NBC U's Telemundo pacts with Atresmedia; Mexican giant Televisa, with Mediaset Espana
MADRID — Latino telenovelas are again catching the attention of Spain’s top private TV broadcasters, unleashing a new sprint for product deals with leading international suppliers.
Move comes after telenovelas had progressively disappeared from the schedules of Spain’s main TV webs to find shelter on Spain’s multi-channel DTT pltatforms.
A key driver for the sep-up in competition among broadcasters is the success of media conglom Atresmedia’s women-skewed free-to-air TV channel Nova.

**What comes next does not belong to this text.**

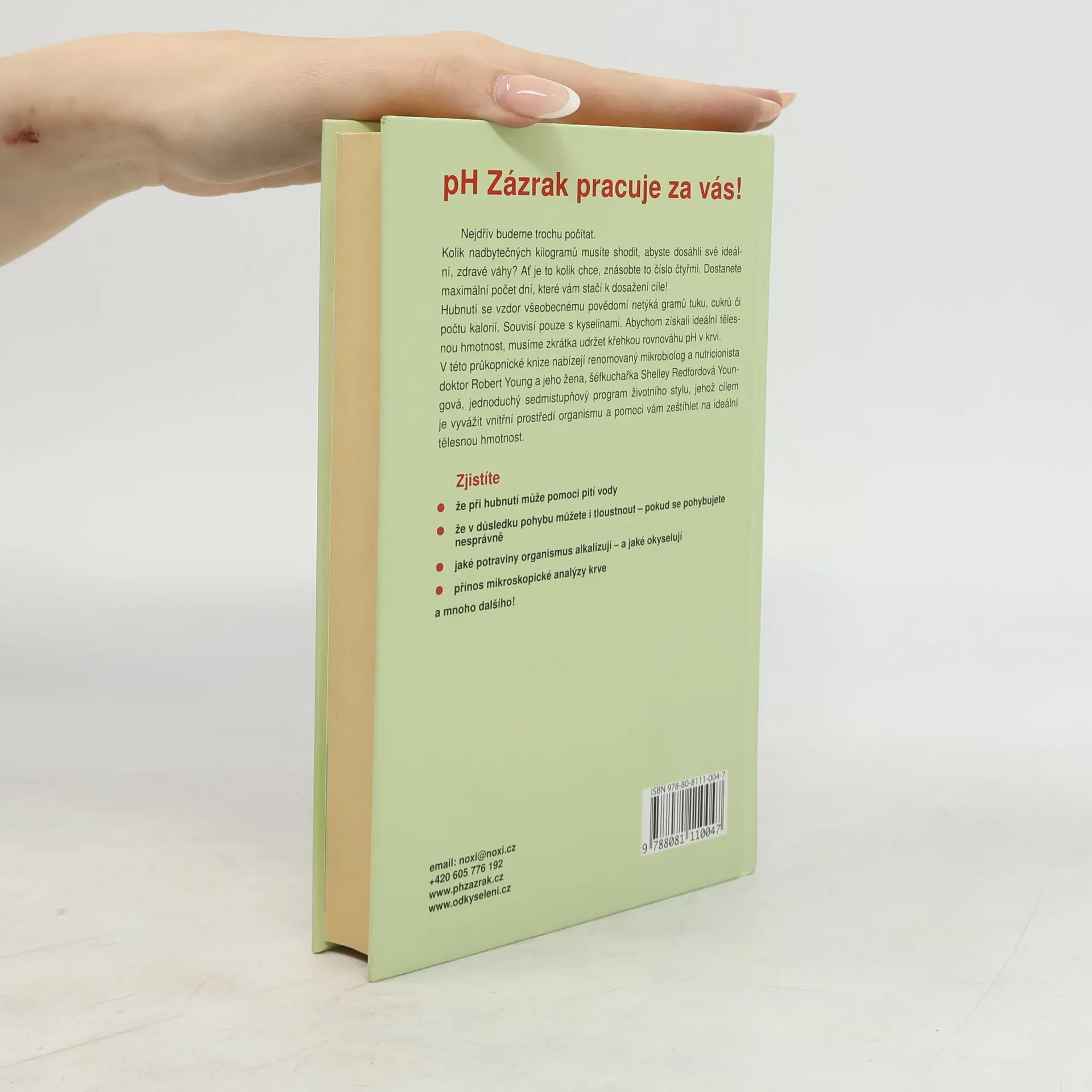 Jak dosáhnout vyváženého vnitřního prostředí a ideální tělesné hmotnosti. Nejdřív budeme trochu počítat. Kolik nadbytečných kilogramů musíte shodit, abyste dosáhli své ideální, zdravé váhy? Ať je to kolik chce, znásobte to číslo čtyřmi. Dostanete maximální počet dní, které vám stačí k dosažení cíle! Hubnutí se vzdor všeobecnému povědomí netýká gramů tuku, cukrů či počtu kalorií. Souvisí pouze s kyselinami. Abychom získali ideální tělesnou hmotnost, musíme zkrátka udržet křehkou rovnováhu pH v krvi. V této průkopnické knize nabízejí renomovaný mikrobiolog a nutricionista doktor Robert Young a jeho žena, šéfkuchařka Shelley Redfordová Youngová, jednoduchý sedmistupňový program životního stylu, jehož cílem je vyvážit vnitřní prostředí organismu a pomoci vám zeštíhlet na ideální tělesnou hmotnost. Zjistíte - že při hubnutí může pomoci pití vody - že následkem pohybu můžete i tloustnout pokud se pohybujete nesprávně - jaké potraviny organismus alkalizují a jaké okyselují - přínos mikroskopické analýzy krve a mnoho dalšího!

On Feb. 3, Atresmedia’s main rival, Mediaset Espana, owned by Silvio Berlusconi’s Mediaset, reacted to Nova’s results unveiling a three-year strategic deal with Televisa – once a significant Atresmedia provider – to feed its TV service La Siete, which re-launches Friday as a telenovela-focused offer.

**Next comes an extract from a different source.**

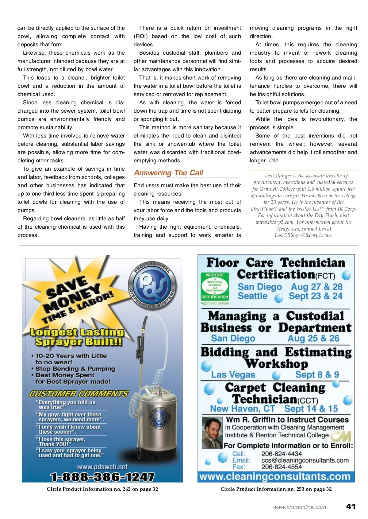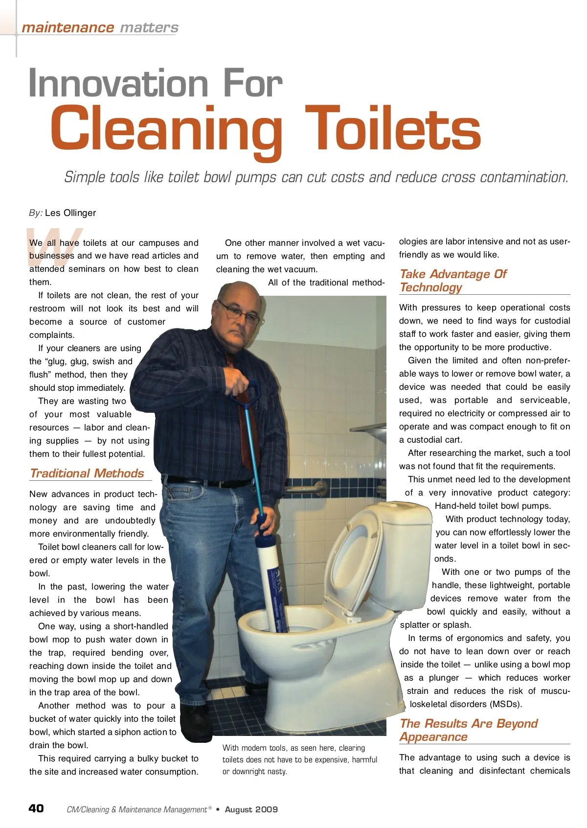 maintenance matters Innovation For Cleaning Toilets Simple tools like toilet bowl pumps can cut costs and reduce cross contamination. One other manner involved a wet vacu-um to remove water, then empting and cleaning the wet vacuum. All of the traditional method-ologies are labor intensive and not as user-friendly as we would like. By: Les Ollinger W We all have toilets at our campuses and businesses and we have read articles and attended seminars on how best to clean them. If toilets are not clean, the rest of your restroom will not look its best and will become a source of customer complaints. If your cleaners are using the “glug, glug, swish and flush” method, then they should stop immediately. They are wasting two of your most valuable resources — labor and clean-ing supplies — by not using them to their fullest potential. Take Advantage Of Technology With pressures to keep operational costs down, we need to find ways for custodial staff to work faster and easier, giving them the opportunity to be more productive. Given the limited and often non-prefer-able ways to lower or remove bowl water, a device was needed that could be easily used, was portable and serviceable, required no electricity or compressed air to operate and was compact enough to fit on a custodial cart. After researching the market, such a tool was not found that fit the requirements. This unmet need led to the development of a very innovative product category: Hand-held toilet bowl pumps. With product technology today, you can now effortlessly lower the water level in a toilet bowl in sec-onds. With one or two pumps of the handle, these lightweight, portable devices remove water from the bowl quickly and easily, without a splatter or splash. In terms of ergonomics and safety, you do not have to lean down over or reach inside the toilet — unlike using a bowl mop as a plunger — which reduces worker strain and reduces the risk of muscu-loskeletal disorders (MSDs). Traditional Methods New advances in product tech-nology are saving time and money and are undoubtedly more environmentally friendly. Toilet bowl cleaners call for low-ered or empty water levels in the bowl. In the past, lowering the water level in the bowl has been achieved by various means. One way, using a short-handled bowl mop to push water down in the trap, required bending over, reaching down inside the toilet and moving the bowl mop up and down in the trap area of the bowl. Another method was to pour a bucket of water quickly into the toilet bowl, which started a siphon action to drain the bowl. This required carrying a bulky bucket to the site and increased water consumption. The Results Are Beyond Appearance With modern tools, as seen here, clearing toilets does not have to be expensive, harmful or downright nasty. The advantage to using such a device is that cleaning and disinfectant chemicals 40 CM/Cleaning & Maintenance Management ® • August 2009

For its part, Atresmedia strengthened links with Telemundo, announcing Jan. 30 an exclusive, strategic multi-year commitment to guarantee Telemundo’s new telenovelas plus catalogue titles airtime in Spain via Nova.
Launched 2005 by DeAPlaneta’s Atresmedia, Nova has consolidated as the leading offer for Spain’s femme-orientated DTT services. Net averaged a record 2.1% audience share in 2013, clearly surpassing rival Mediaset Espana’s Divinity (1.7%), La Siete (1.2%) and Nueve (0.7%).
Broadcast Jan. 24 in Nova’s prime-time, the last episode of Telemundo’s “The Return” scored a boffo 4.2% share and 793,000 viewers.Still airing, “Maid in Manhattan,” another Telemundo’s telenovela, has cumed an around-3% share on Nova.
“There’s a high demand for telenovelas from our viewers and they generate a very loyal audience,” said Jose Antonio Anton, Atresmedia’s programming, thematic channels director.
Re-designing La Siete, Mediaset aims to complement audience target reached by its channel bouquet, covering all women demos. It will target 18 to 35 year-olds with contempo, mould-breaking telenovelas; air thrillers and action novelas for 25-45s, plus classic productions for 45s-upwards.
“For some time now, we’ve entertained the idea of filling a gap in our TV offer,” said Manuel Villanueva, Mediaset Espana’s Contents general director.
The Televisa-Mediaset pact combines new bows such as “Love Rules,” “The Storm,” “Lie So You Can Live” with recent hits like “The Stepmother” and “Teresa.”
In a market whose TV ad spend has fallen 53% to €1.65 million ($2.3 billion) since its pre-crisis 2007 peak, every move has to be analyzed in economic terms. “Telenovelas represent a very effective product at a very reasonable price,” argued a Madrid-based TV expert.